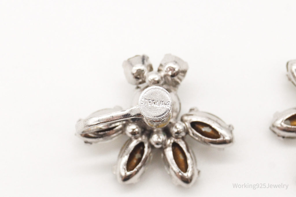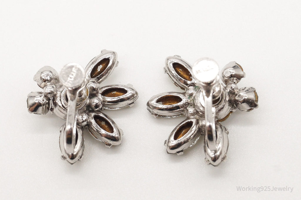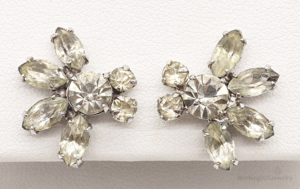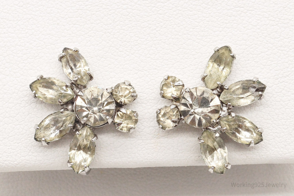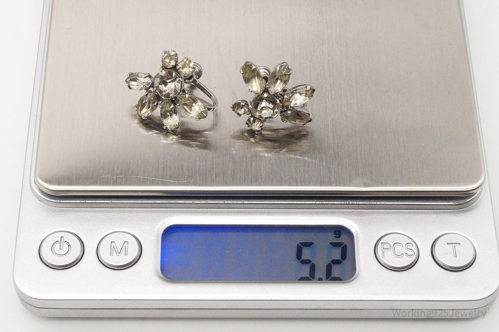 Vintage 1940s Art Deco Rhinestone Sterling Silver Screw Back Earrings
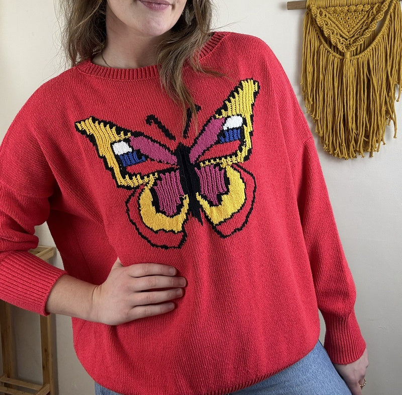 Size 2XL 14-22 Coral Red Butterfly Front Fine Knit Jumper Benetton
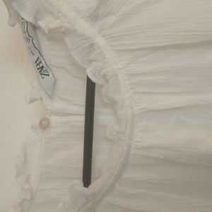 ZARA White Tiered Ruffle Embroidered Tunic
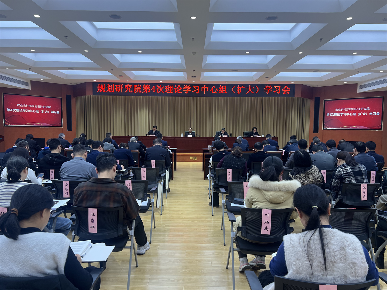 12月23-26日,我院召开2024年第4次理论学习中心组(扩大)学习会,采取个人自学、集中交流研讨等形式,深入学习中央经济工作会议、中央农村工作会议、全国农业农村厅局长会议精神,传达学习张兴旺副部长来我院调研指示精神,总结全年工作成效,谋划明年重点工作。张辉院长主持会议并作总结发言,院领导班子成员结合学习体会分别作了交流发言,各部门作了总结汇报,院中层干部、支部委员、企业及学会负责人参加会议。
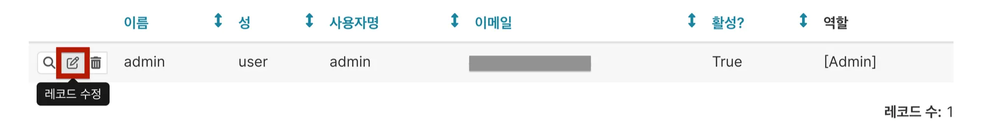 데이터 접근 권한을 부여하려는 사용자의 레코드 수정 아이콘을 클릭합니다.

______

Please extract exactly the lines of the data, from the first through the line containing "ZARA White Tiered Ruffle Embroidered Tunic", and add no pictures to the copy.

= Your solution =
 Vintage 1940s Art Deco Rhinestone Sterling Silver Screw Back Earrings
 Size 2XL 14-22 Coral Red Butterfly Front Fine Knit Jumper Benetton
 ZARA White Tiered Ruffle Embroidered Tunic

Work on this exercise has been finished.